If you are changing the FTM (or if it is RAID5/6 FTT=2 in general IIRC) it will be creating whole new Objects when changing the Storage Policy - this of course means it will 1. temporarily have to use potentially a lot of extra space as it won't discard the original components until it has completed the job and 2. this is going to be a write and read intensive storage job which can of course cause contention unless managed carefully.
If you are not changing the FTM and it is currently RAID1 then it *should* just drop one of the replicas (and a witness component) and not need to create new components.
As when making any major changes to Storage Policies, please 1. first test this on a few Objects/VMs so you can get an indication of what it needs to change to apply the policy changes and
2. consider that it is preferable not to change the policy rules for all data at once (by editing the policy in situ) but instead to create a new policy with the desired configurations and apply this new policy to the VMs a few at a time (measure this in the amount of data they consume, not the number of VMs).

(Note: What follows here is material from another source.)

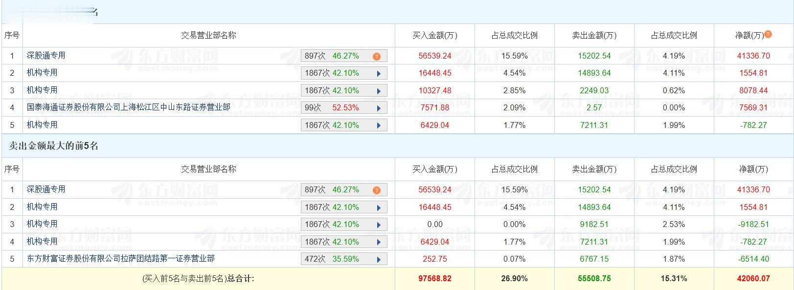 格隆汇2月24日|深南电路(002916.SZ)今日涨停,换手率2.14%,成交额36.27亿元。龙虎榜数据显示,深股通买入5.65亿元,卖出1.52亿元,净买入4.13亿元;游资“中山东路”位列买四席位,净买入7569万元。上榜席位全天买入9.76亿元,卖出5.55亿元,合计净买入4.21亿元。(格隆汇)

While doing any of this you should be monitoring the resync (Cluster > Monitor > vSAN > Resyncing Objects) and the impact this has on the latency of the workloads (Cluster > Monitor > vSAN > Performance > VM) and backend storage (Cluster > Monitor > vSAN > Performance > Backend).
In summary, Yes you can change the Storage Policy of a VM on the fly while powered on, whether this will have a negative impact on the clusters storage performance depends on a number of factors including the ones I noted above.
Thanks for your reply Bobkin.
The current storage policy of the VM is R1 SW4 FTT2 and we want to create a new storage policy with R1 SW4 FTT1 and change the storage policy of the VM from R1 SW4 FTT2 to R1 SW4 FTT1
As I said above - if it is FTT=2,FTM=RAID1 and compliant with this Storage Policy then it should just drop one of the RAID0 data-replicas and one of the witness components (e.g. it won't consume any extra space reconfiguring the Objects and will complete in a matter of seconds).
How many disks does the VM have and how big are they? If you are still in doubt and/or want to be cautious you can of course just apply the new SP to 1 vmdk at a time (Right-Click VM > VM Policies > Edit VM Storage Policies > Select the vmdk > Select the new SP > click OK).
I would advise that to ensure the SPs match in every regard except for the FTT to clone the current SP, pick a new name and then ONLY change the FTT from 2 to 1.